You’ve heard it. We all have.
Boys and girls are drastically different in their wiring.
As mommies, we see it daily.
But something I didn’t realize until today {when I popped open my November 2009 Parents magazine – yes, I’m way behind – for a much anticipated moment of mommy-is-on-the-loo-leave-me-alone-for-just-2-minutes reading} is this:
Little girls tend to produce more oxytocin, the human-bonding hormone that is released when mothers breastfeed, and seratonin, a “feel-good” hormone.
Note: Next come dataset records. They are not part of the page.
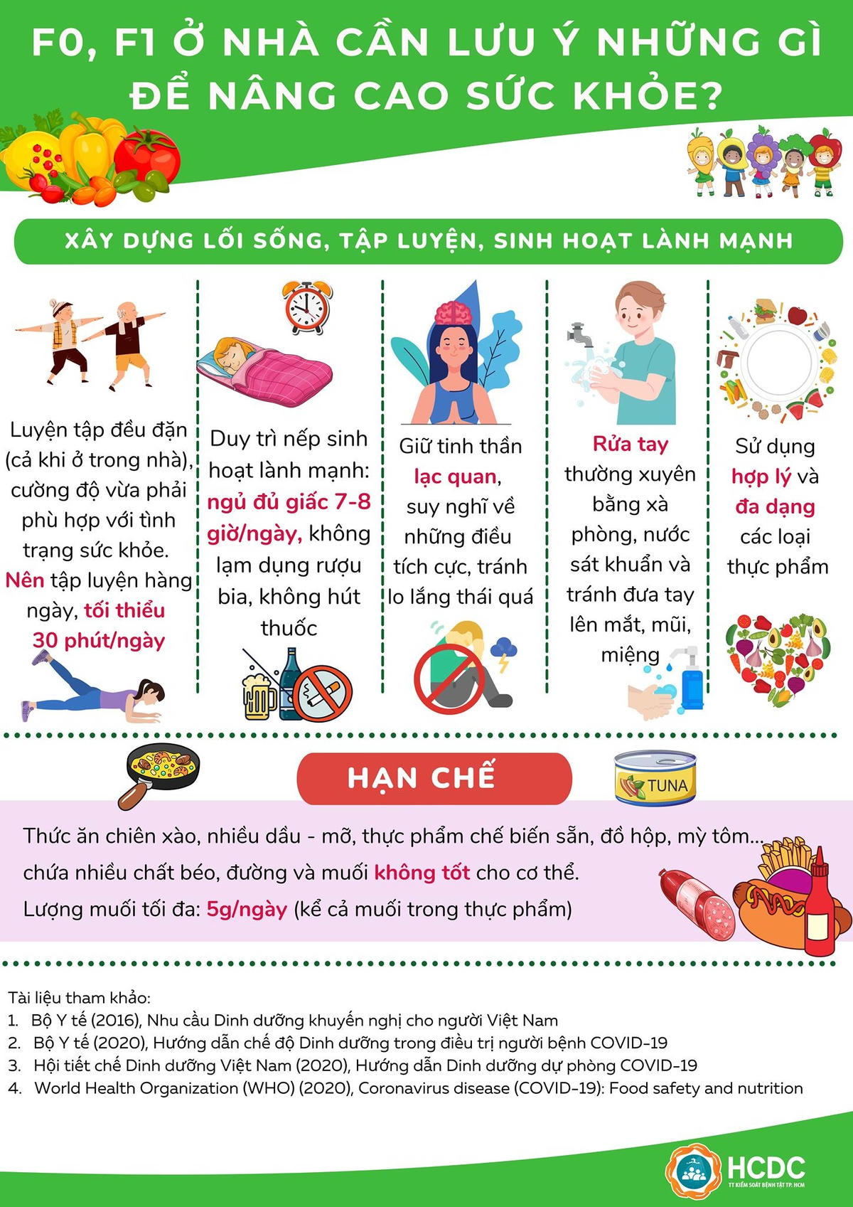Theo chia sẻ từ HCDC, một chế độ dinh dưỡng, sinh hoạt hợp lý sẽ giúp cơ thể khỏe mạnh, tăng cường sức đề kháng giúp bản thân vượt qua được bệnh tật. Các F0, F1 khi thực hiện cách ly tại nhà cần lưu ý một số vấn đề sau để nâng cao sức khỏe.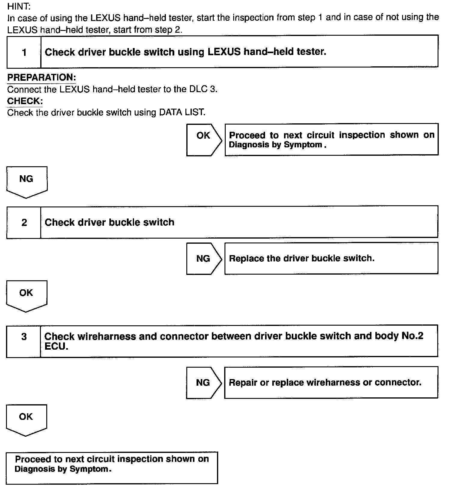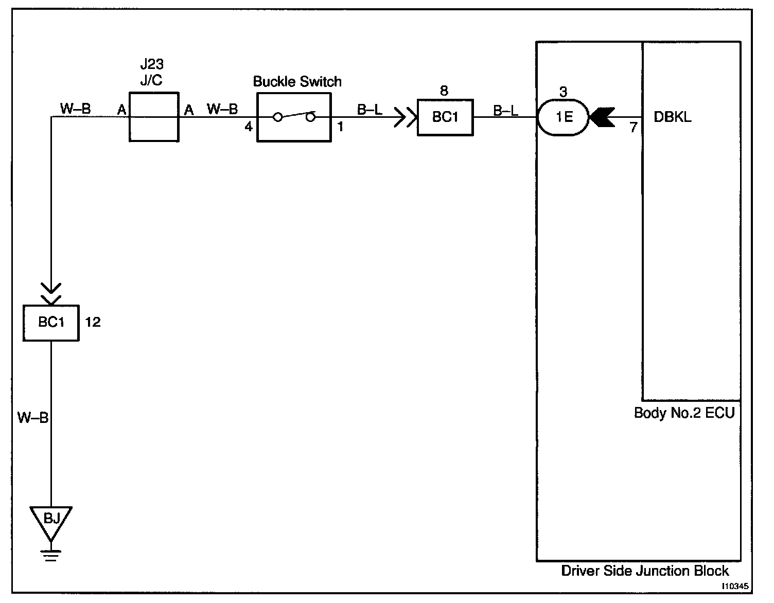 Driver Buckle Switch Circuit / Body No.2 ECU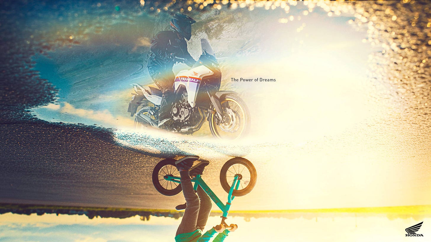 In their ad, the top half shows a grown motorcyclist and flipped underneath features a child pedaling a bicycle.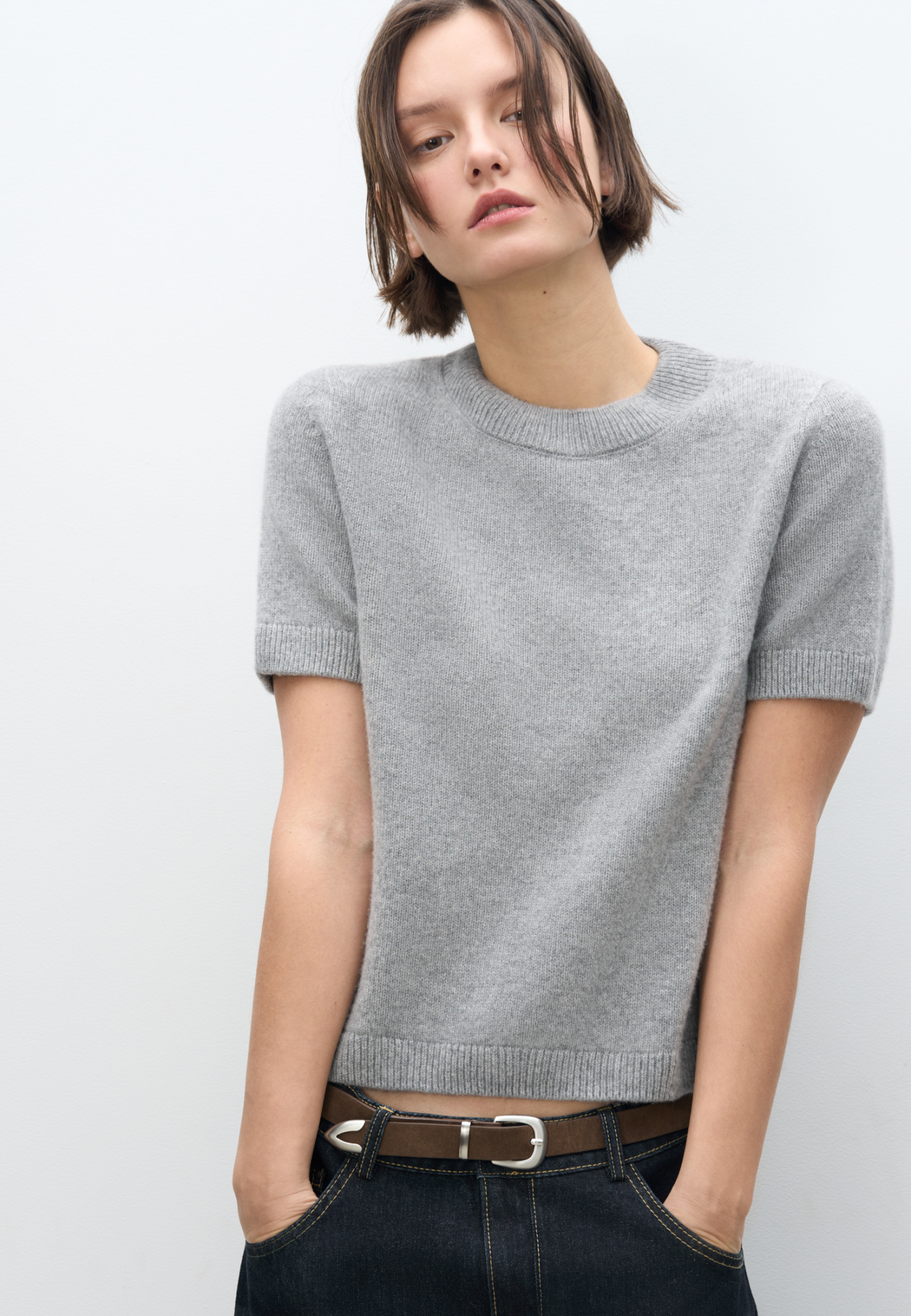 Knitted T-shirt made of 100% cashmere. Model of a loose silhouette, with short sleeves and a round neckline. The edges of the product are ribbed.

This helps explain why they can spend hours role-playing; cooking gourmet plastic peas and lovingly feeding their stuffed animals. This also explains why we often hear our daughter explaining to her baby dolls, “I’m Mary, you’re Dofiss {read: Joseph}, and this {here hedgehog} is baby Jesus”.
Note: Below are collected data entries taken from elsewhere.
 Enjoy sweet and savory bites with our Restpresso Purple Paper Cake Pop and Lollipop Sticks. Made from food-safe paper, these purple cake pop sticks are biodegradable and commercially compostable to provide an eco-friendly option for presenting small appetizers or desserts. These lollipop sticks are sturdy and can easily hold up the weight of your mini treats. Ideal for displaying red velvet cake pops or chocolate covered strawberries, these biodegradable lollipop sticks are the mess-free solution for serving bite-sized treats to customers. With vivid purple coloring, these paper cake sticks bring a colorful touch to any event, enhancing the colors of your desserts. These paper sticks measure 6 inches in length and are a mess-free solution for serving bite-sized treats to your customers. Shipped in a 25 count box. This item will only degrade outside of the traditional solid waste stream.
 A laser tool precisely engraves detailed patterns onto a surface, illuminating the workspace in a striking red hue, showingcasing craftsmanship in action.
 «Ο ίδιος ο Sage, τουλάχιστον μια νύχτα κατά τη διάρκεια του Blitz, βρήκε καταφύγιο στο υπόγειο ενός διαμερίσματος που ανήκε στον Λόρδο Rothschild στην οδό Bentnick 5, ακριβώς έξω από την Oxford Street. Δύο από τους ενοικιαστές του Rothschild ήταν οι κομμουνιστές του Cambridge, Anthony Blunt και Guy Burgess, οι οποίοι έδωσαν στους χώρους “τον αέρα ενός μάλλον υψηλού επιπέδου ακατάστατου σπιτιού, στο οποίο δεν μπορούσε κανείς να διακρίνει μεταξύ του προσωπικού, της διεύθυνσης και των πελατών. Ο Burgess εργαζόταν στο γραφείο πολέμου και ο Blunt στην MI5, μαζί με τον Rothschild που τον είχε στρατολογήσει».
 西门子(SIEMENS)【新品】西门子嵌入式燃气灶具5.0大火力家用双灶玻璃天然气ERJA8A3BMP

And we simply adore the way she sweetly kisses and strokes her baby brother’s hair, running to his aide at the slightest hint of upset.
“Hugging and nurturing are bonding activities, and when girls play that way, it activates the pleasure center in the brain,” says Adie Goldberg (coauthor of It’s a Baby Girl!”).
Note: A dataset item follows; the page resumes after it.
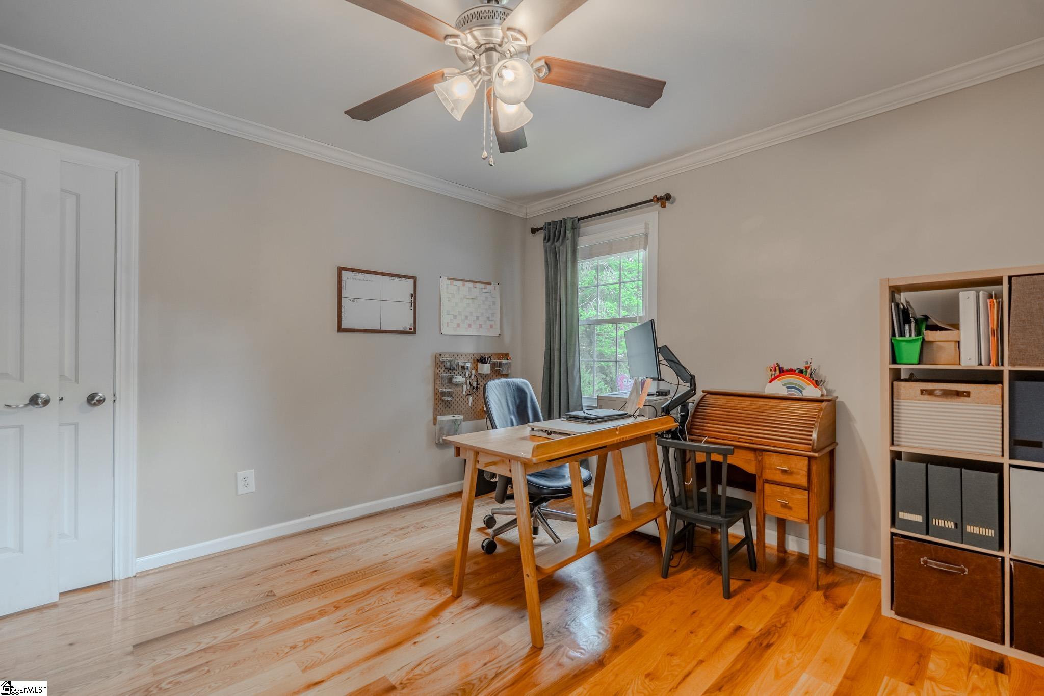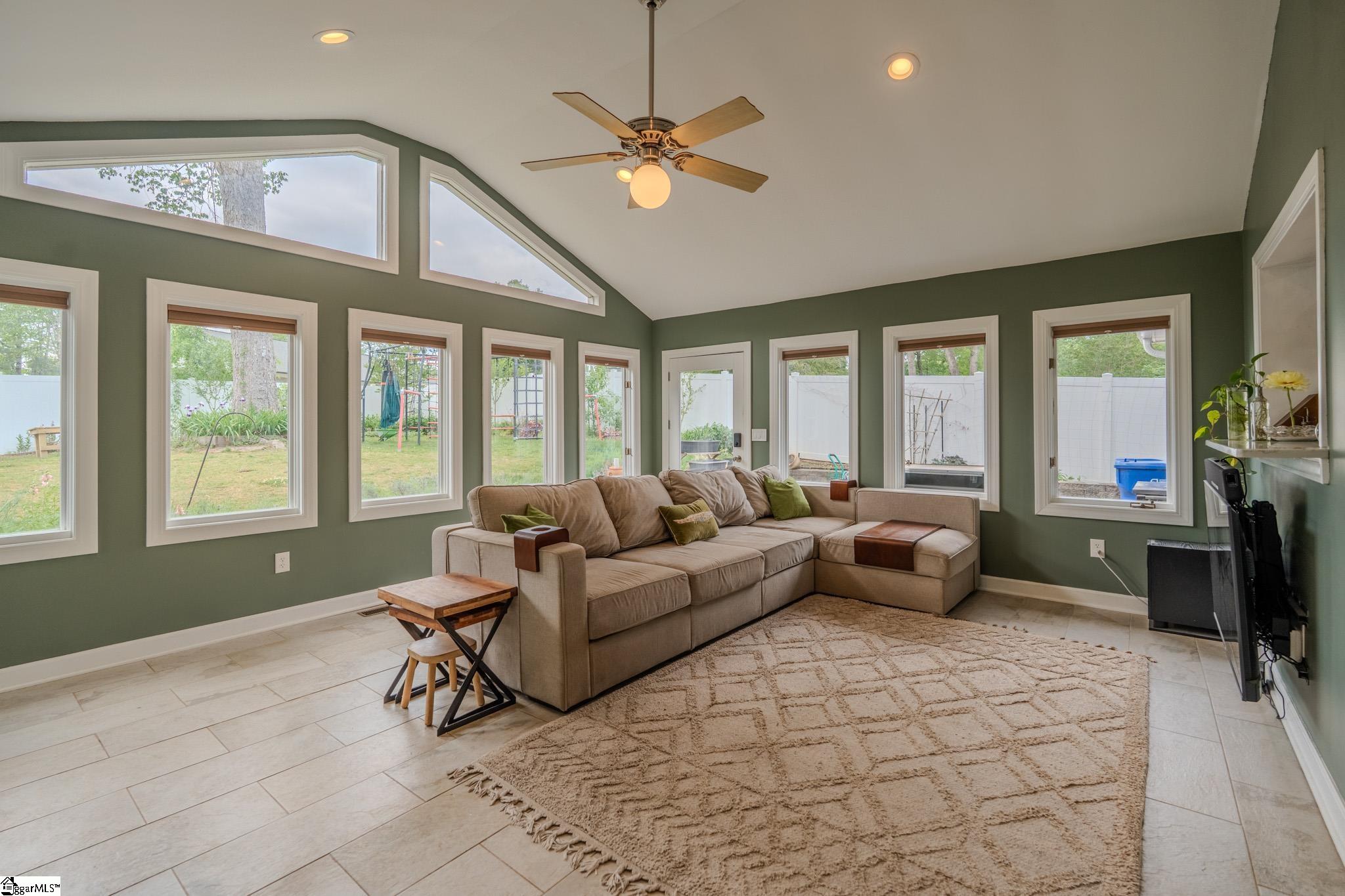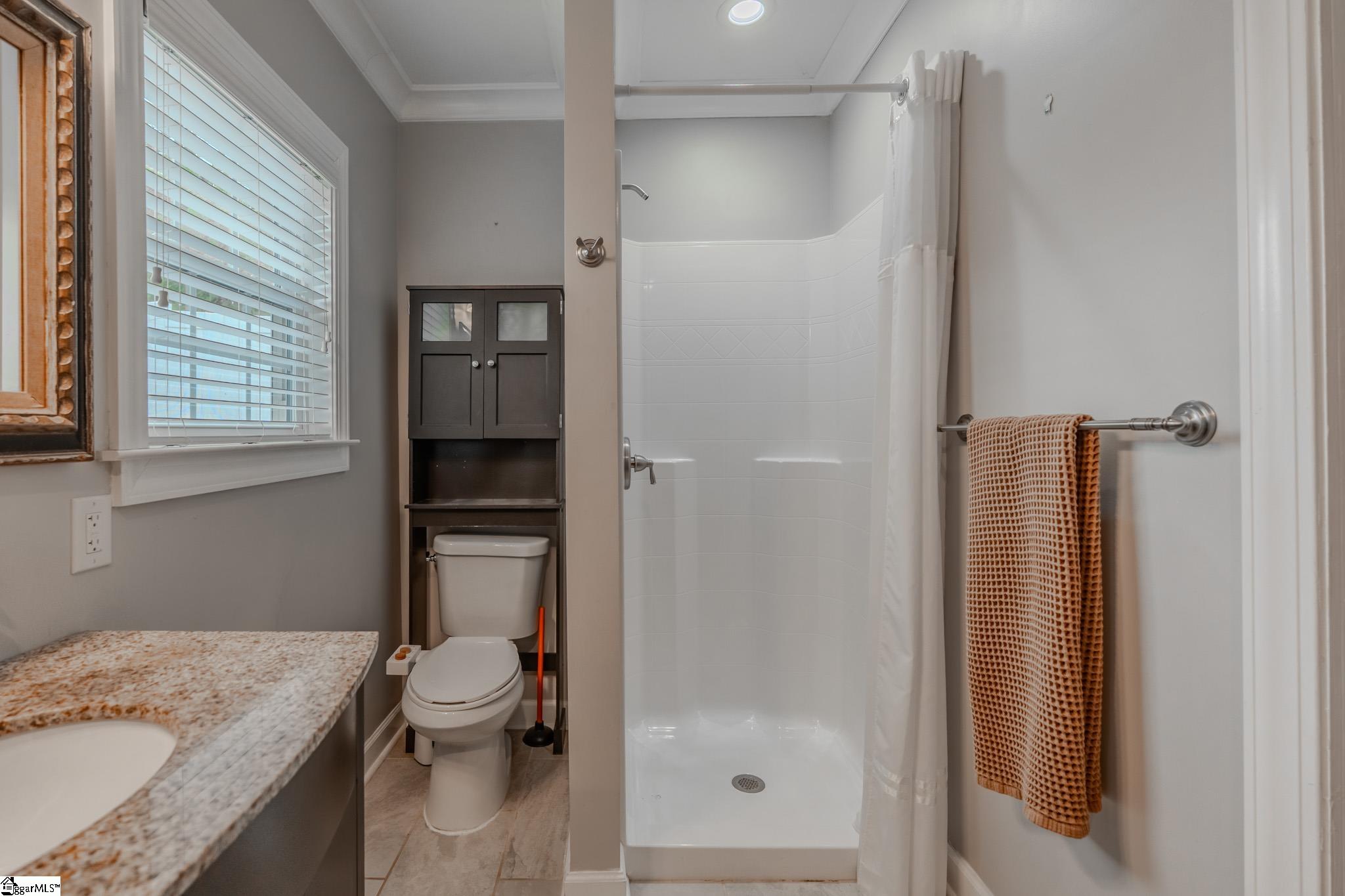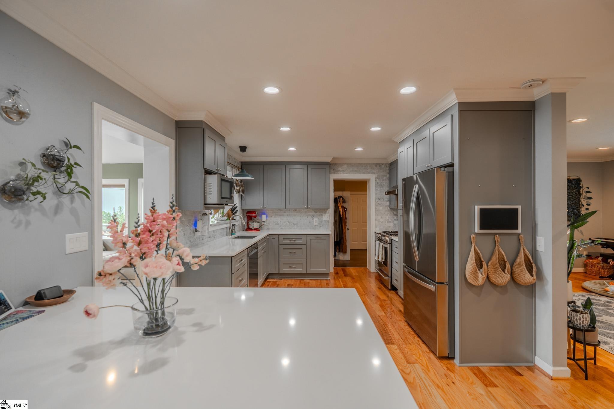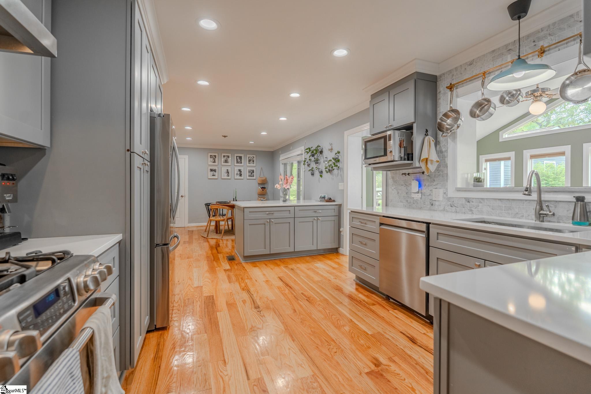 Welcome to your own private retreat just minutes from downtown Greenville. Tucked among mature trees and surrounded by established perennial gardens, this home offers a peaceful setting without giving up convenience. Inside, you’ll find hardwood floors throughout much of the home, adding warmth and character to the main living spaces. The flexible floor plan includes a dual primary suite, with exterior access, perfect for weekend guests, office space, or extra studio space you’ve been dreaming of! The kitchen has been nicely updated with solid surface countertops, stainless steel appliances, and a clean, modern tile backsplash. Just off the kitchen, the vaulted living area is filled with natural light and feels open, airy, and inviting easily one of the favorite spots in the home. Step outside and enjoy multiple outdoor living areas designed for relaxing and entertaining. There’s a spacious covered patio, a large paver patio that’s perfect for grilling or gathering around a fire pit, and even a welcoming front patio to round it all out. You’ll also appreciate the detached garage with extra storage space. One of the most unique features is the additional .33 acre parcel next door owned by Greenville County but maintained by the sellers giving you extra room to enjoy, plus a scenic creek that adds to the privacy and charm. If you’re looking for a home that blends comfort, flexibility, and a great location close to everything Greenville has to offer, this one is definitely worth a look.

Well that just makes sense, doesn’t it?
I so often forget about the world beneath the surface…the chemistry, the psychology, the internal anatomy and wiring of our children’s bodies and personalities.
God is just flipping brilliant and I love that I can’t even begin to wrap my brain around how uniquely and intricately He has created us…man and woman…stunningly different in form and thought, even before birth.
{If I could understand it all, He wouldn’t be that big, would He?}
Now when I pause in my daughter’s doorway and catch a glimpse of her playing mommy to her many babies {fuzzy ones and all}, not only will my heart be warmed by her blossoming maternal instincts, but my mind will once again be awe-struck at the brilliance of our big God.